The commission found that over R50-billion was pillaged from SOEs – Transnet amounting for the biggest loss – when Gupta-owned companies and those associated with them ran their capture scheme from around 2012 to 2018. Earlier this month its chairperson, Chief Justice Raymond Zondo, received permission from the North Gauteng High Court to make some amendments to the numbers, which were recorded by the commissioned Shadow World forensic investigators.

To ensure credible leadership for SOEs, Zondo recommended some dramatic changes to their selection and appointment processes. Ramaphosa responded by committing to a “Guide for the Appointment of Persons to Boards and Chief Executive Officers of State-Owned and State-Controlled Institutions”, which he said would be for independent panels of relevant stakeholders and experts to consider when nominating suitable candidates to the relevant minister.

Furthermore, the Companies Act is to be amended to allow for applications for a director to be declared delinquent to be brought even two years after the end of their directorship, which is currently not the case. This is a victory for civil society organisations like Corruption Watch (CW), which seek to hold those in positions of power accountable to the public.

CW is currently involved in litigation aimed at declaring several former Eskom board members of the time under review by the commission.

Changes to intelligence function

Intelligence is another function of government where changes are coming.

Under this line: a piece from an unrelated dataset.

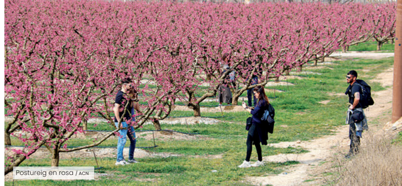
Postureig en rosa

La boira de primera hora de l'albada va voler ser la primera convidada aquell diumenge al matí a les terres de Lleida; però va ser una presència fugaç i gairebé poètica, que es va anar retirant a mesura que el sol guanyava alçada sobre l'horitzó per deixar pas a l'espectacle que milers de persones esperaven amb ganes des de feia mesos. Aquell mar infinit de tons rosats, des d'aquell cap de setmana, ja va inundar el paisatge d'Aitona i de bona part de la comarca del Segrià.

These will address the ideological changes to its mandate that Zondo heard, in evidence, were instrumental to the formation of, and later destabilisation of the State Security Agency (SSA).

The response to the recommendations of both the commission and before the high level review panel headed by former cabinet minister Sydney Mufamadi is the General Intelligence Laws Amendment Bill, which is being drafted.  It will “disestablish the SSA and establish a domestic intelligence service and foreign intelligence service in accordance with the Constitution, and strengthen oversight by the Inspector General of Intelligence, the Joint Standing Committee on Intelligence and the Auditor-General of South Africa.”

In addition to this, the review of the Intelligence Services Act, which is also underway, will “give practical effect to the principle that no member of the executive responsible for intelligence may be involved in the operational matters of the SSA.”

During the course of oral evidence, Zondo heard from former leadership of how back in 2009 the country’s intelligence sector was repositioned for a paradigm shift from national to state security by then president Jacob Zuma. This period also marked the establishment of the SSA, which according to the former director-general Jeff Maqetuka, saw interference from the executive.

Lacking in accountability

While Ramaphosa’s plans for intelligence are generally positive, he has not made a public announcement on the fate of two deputy ministers with direct links to adverse findings on the SSA. Deputy minister of state security Zizi Kodwa was alleged to have benefited unduly from state contracts held by IT giant EOH while he was an office bearer of the ANC. He has denied that he received kickbacks in the form of cash and luxury holidays in exchange for his influence over the award of the contracts, but Zondo found differently.

In the case of current deputy minister of human settlements, David Mahlobo, he was accused of having overseen the plundering of the SSA of millions in cash that remains unaccounted for. He too has denied these allegations.

Leaders of integrity

In his response, Ramaphosa acknowledges that members of the executive in both national and provincial governments must be individuals of integrity who comply with the law, but does not make clear action against those who have been found by the commission to have breached their oath of office.

“The President will undertake a review of the positions of those members of his executive implicated in wrongdoing in the report and determine, on a case by case basis, in line with his discretion in this regard and his obligation to observe the principle of legality and to act rationally, whether or not any action ought to be taken.”